INSTRUCTIONS FOR THE TASK. Wherever an image appears in the data, omit it and copy all the remaining text word for word.
[Opening INFORMATION SUPPLIED section]
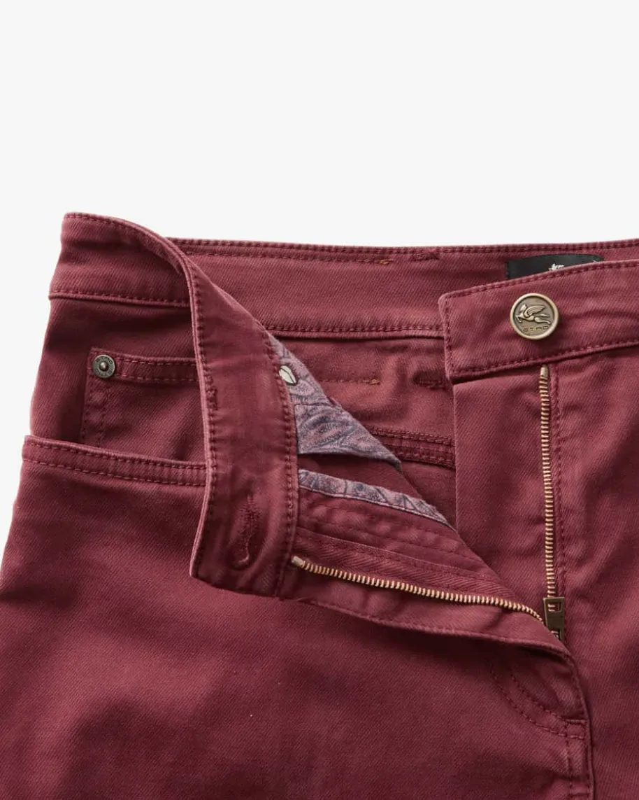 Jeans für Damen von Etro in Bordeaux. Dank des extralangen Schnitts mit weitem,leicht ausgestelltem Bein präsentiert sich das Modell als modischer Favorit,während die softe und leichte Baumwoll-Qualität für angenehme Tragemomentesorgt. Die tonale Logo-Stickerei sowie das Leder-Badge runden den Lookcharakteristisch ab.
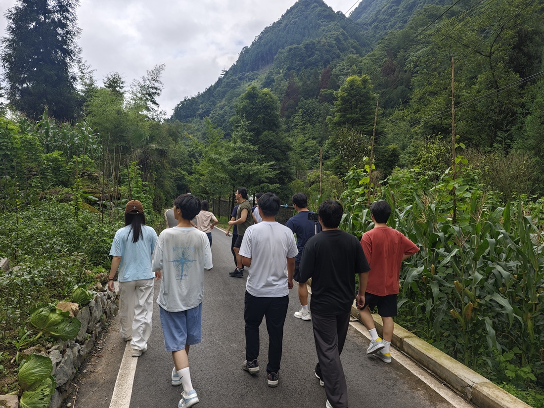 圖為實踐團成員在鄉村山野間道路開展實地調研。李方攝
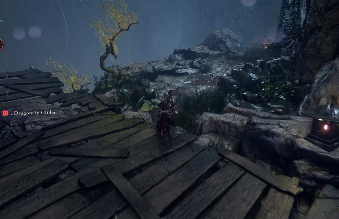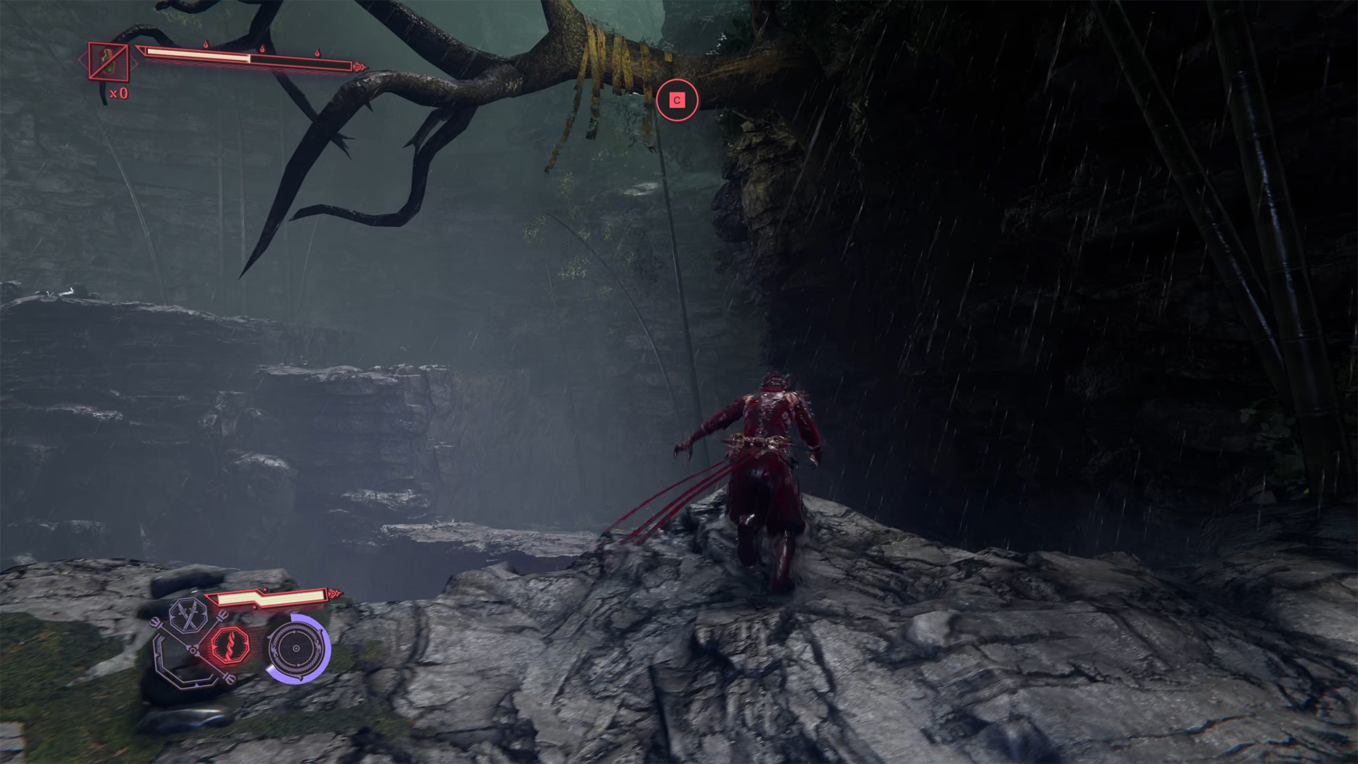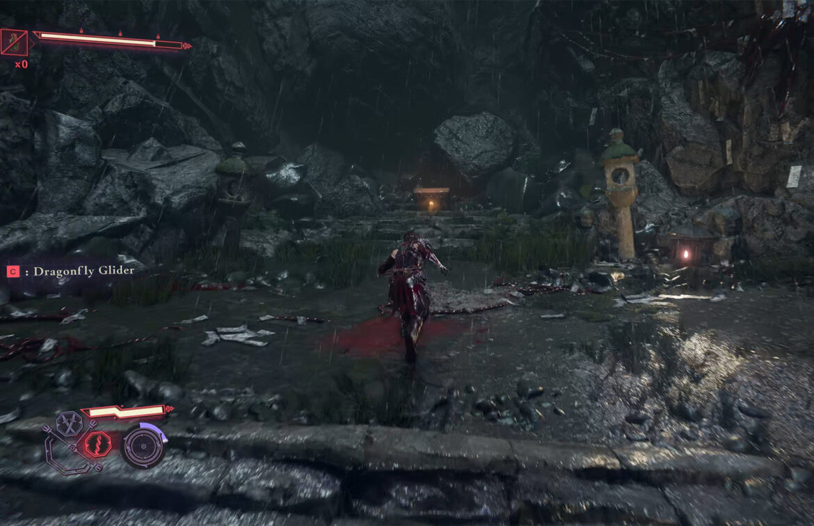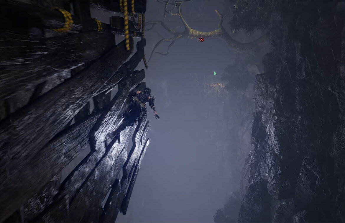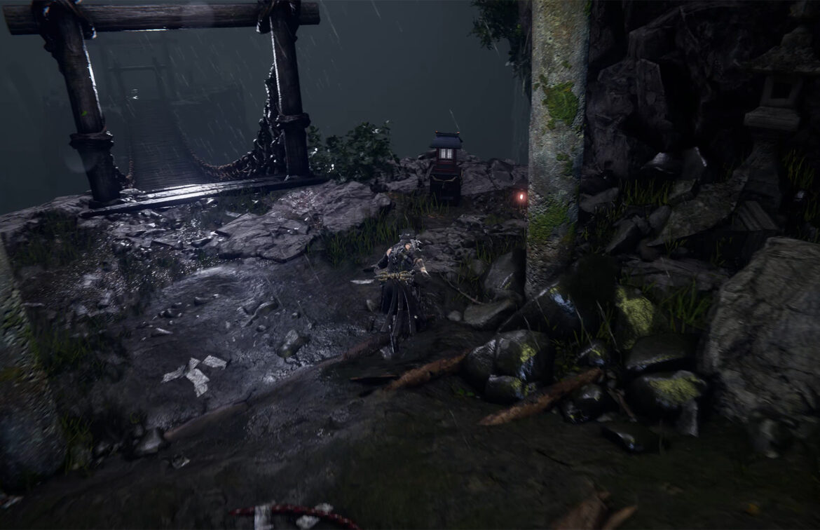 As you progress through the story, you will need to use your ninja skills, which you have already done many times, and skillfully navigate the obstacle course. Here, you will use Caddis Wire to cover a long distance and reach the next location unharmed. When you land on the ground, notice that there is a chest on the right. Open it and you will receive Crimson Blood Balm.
[Closing INFORMATION SUPPLIED section]
RESPONSE AREA.
 Jeans für Damen von Etro in Bordeaux. Dank des extralangen Schnitts mit weitem,leicht ausgestelltem Bein präsentiert sich das Modell als modischer Favorit,während die softe und leichte Baumwoll-Qualität für angenehme Tragemomentesorgt. Die tonale Logo-Stickerei sowie das Leder-Badge runden den Lookcharakteristisch ab.
 圖為實踐團成員在鄉村山野間道路開展實地調研。李方攝
 As you progress through the story, you will need to use your ninja skills, which you have already done many times, and skillfully navigate the obstacle course. Here, you will use Caddis Wire to cover a long distance and reach the next location unharmed. When you land on the ground, notice that there is a chest on the right. Open it and you will receive Crimson Blood Balm.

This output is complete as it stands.